18. The road surface analysis method according to claim 17, characterized in that: The second perception data belonging to the voxel grid is determined based on the first perception data belonging to the voxel grid and the corresponding relationship between the data points corresponding to the first perception data and the data points corresponding to the second perception data.

19. The road surface analysis method according to claim 18, characterized in that: The step of determining the correspondence between the data points corresponding to the first perception data and the data points corresponding to the second perception data includes: Projecting each data point in the first perception data onto a plane corresponding to the second perception data to obtain a projection point of each data point; Build correspondences for data points with the same location information but from different sensory data.

20. The road surface analysis method according to any one of claims 1 to 19, characterized in that: The at least two types of environmental perception data include radar detection data and visual detection data.

21. A controller, characterized in that: The method comprises one or more processors and a memory, wherein the memory stores a computer program, and when the computer program is executed by the processor, the processor executes the steps of the road surface analysis method according to any one of claims 1 to 20.

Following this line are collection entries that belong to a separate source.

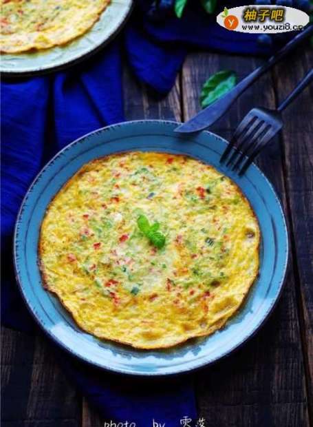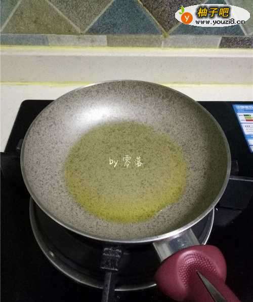 7平底锅里倒入适量橄榄油;倒入苦瓜蛋液,借助铲子将食材铺均匀;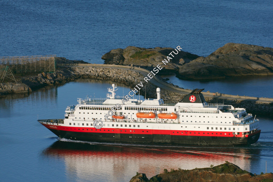 Hurtigrutenschiff bei der Einfahrt Hafen Svolvær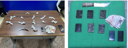كما تم ضبط (مبالغ مالية–فرد خرطوش–طلقات نارية-5 سيارات–3 دراجات نارية – 13 سلاح أبيض – 5 ميزان –6000 قرص وأمبول لأدوية مهربة وغير مصرح بتداولها).
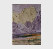 Un paesaggio astratto o altamente stilizzato dominato da un drammatico e vorticoso paesaggio nuvoloso con sfere celesti o forme solari, reso in un impasto strutturato con toni dorati e tenui. La scena è eterea, onirica ed evoca un senso di meraviglia cosmica.

22. A storage medium, characterized in that The method comprises a computer program, which is used to cause the controller to perform the steps of the road surface analysis method according to any one of claims 1 to 20 when the computer program is run on the controller.

23. A computer program product, characterized in that The method comprises a computer program or instructions, which implements the steps of the road surface analysis method according to any one of claims 1 to 20 when executed by a processor.

24. A target device, characterized in that The target device includes the controller according to claim 21.

25. The target device according to claim 24, characterized in that The target device includes a vehicle.